El tiempo perdió sentido para toda mi familia. Se la llevaron porque tenía que ir a reconocer el cuerpo. La veo ahora irse, tristísima, a buscar a su hijo surcando la helada penumbra. Y me veo a mí esperando en vela toda la noche, con mi padre, que no estaba cuando llegaron a avisarnos. Y me veo con mi padre, en silencio, viendo hacía el cielo de la noche sin sentido desde el patio de la casa. Y veo a Juan, venturoso, radiante, jugando futbol en la calle conmigo y con Leonel Jr., nuestro hermano. Y veo a mi madre viéndonos a los tres desde la ventana mientras se acomoda el cabello antes de ir al tianguis de los domingos.
La muerte de Juan cambió a mi madre para siempre. La hundió en una depresión de mutismo. Luego se recompuso pero su mirada no volvió a ser la misma. Ni ella toda. Nunca volvió a sonreír de la misma manera. Siempre que nos reunimos parece que espera a alguien más, a mi hermano, que nunca llegará de nuevo. Sólo lo ve en sus sueños, donde lo escucha y habla con él.
Mi padre murió un par de años después. Y mi madre otra vez enfrentó su partida esta vez taciturna, como quien sabe lo que ocurrirá y de alguna manera está preparado para ello. Lo cierto es que mi padre estuvo enfermo mucho tiempo, en el hospital, y sabíamos que lo que sufría era irreversible. Cuestión de tiempo. Mi mamá nos preparó con su cariño, con sus palabras y con su espera. ¿Qué sintió realmente? Nunca se lo he preguntado. Pero algo de resignación y tranquilidad vino a ella cuando mi padre cerró sus ojos para siempre mientras sus hijos nos turnábamos las guardias para cuidarlo por las noches.

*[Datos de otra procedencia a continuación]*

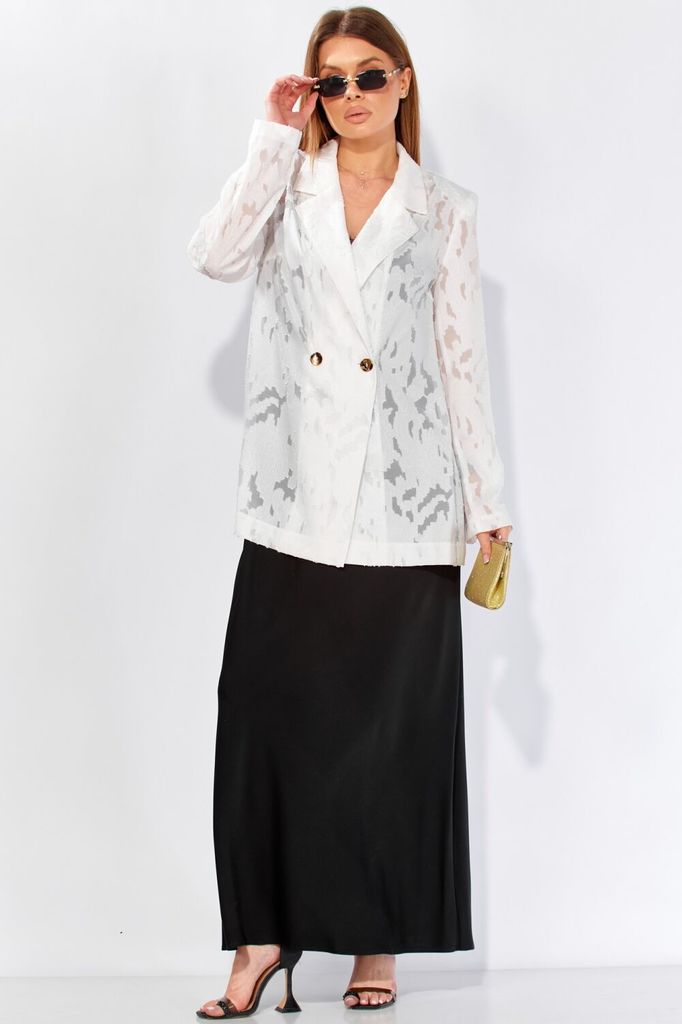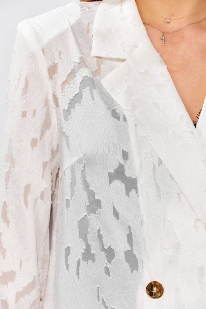 Состав: Вискоза-12%; ПЭ-88%; Жакет свободного силуэта от LAIKONY из полупрозрачного гипюра. Наш стильный жакет длиной ниже линии бедер идеально сочетает в себе элегантность и комфорт. Отложной воротни... Показать описаниек пиджачного типа с прямыми углами создает строгий и одновременно стильный образ. Двубортная застёжка, выполненная на одну петлю и пуговицу, а также потайная петля с пуговицей до линии перегиба лацкана, придаёт изделию изысканный вид. Нагрудные вытачки на деталях переда и плечевые вытачки на спинке обеспечивают идеальную посадку. Рукава жакета втачные, двухшовные, с продуманными передними и локтевыми швами. Длина изделия по спинке 74 см, длина рукава 61,5 см. Этот нарядный жакет станет отличным выбором для корпоративов и других торжественных мероприятий, позволяя вам выглядеть стильно и уверенно в любой ситуации. На фото с нашим платьем L-504-2.
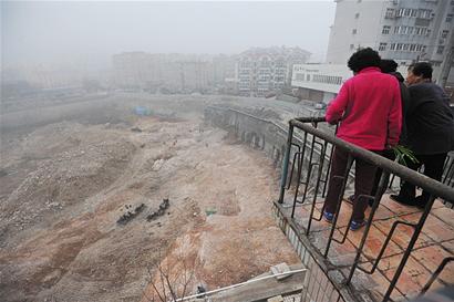 工地大坑挖到居民樓墻腳 站樓梯上如臨深淵(圖)

Había sido un largo camino desde que Leonel era vendedor de carne en el pueblo en el que ella lo vio por primera vez. Donde se casaron y de donde partieron a la capital. Alguna vez me dijo: “Tu papá sabía que iba a morir pronto, ahora descansa con tus hermanos”. Sus palabras, su tono, mezcla de dureza, aceptación y ternura, definen su caracteres y su persona.
Mi madre es fuerte, ahora lo entiendo. No había de otra, siempre fue dura con nosotros, nunca se lamentó, nunca se quejó. Enfrentó la vida como venía. Como una guerrera, digna y valiente. Conserva sus sueños y se cuida cada vez más. No quiere morir pronto. Le gusta vivir e imaginar posibilidades.
Una tarde de la pandemia, mi madre y mis hermanos vinieron a casa. Comimos y bebimos; hablamos de todo y de nada. En algún momento, María nos dijo que si le daba el virus, por ningún motivo la lleváramos a un hospital, donde la gente estaba muriendo a borbotones. Quería estar en su casa, aislada. Ese día también me contaron cómo, en una gresca vecinal del barrio, toda la familia se había involucrado en una absurda pelea de vecinos. Era 10 de mayo, así que mis hermanas portaban vestidos por el Día de las Madres, que quedaron ensangrentados luego de la madriza. Mi madre salió al pleito, rodeando y cuidando a los suyos en el intercambio de golpes. Nos carcajeamos por la escena, nos sentimos bien por estar juntos, ser orgullosos y no dejarnos de nada ni de nadie. Y de tenerla a ella todavía.
Mi madre ha muerto por lo menos tres veces, pero cada una de ellas ha vuelto para vivir. Con la mesura de quien ha pasado por tanto y la inocencia de quien vive por primera vez.
Siempre será esa niña trepando árboles de fruta fresca.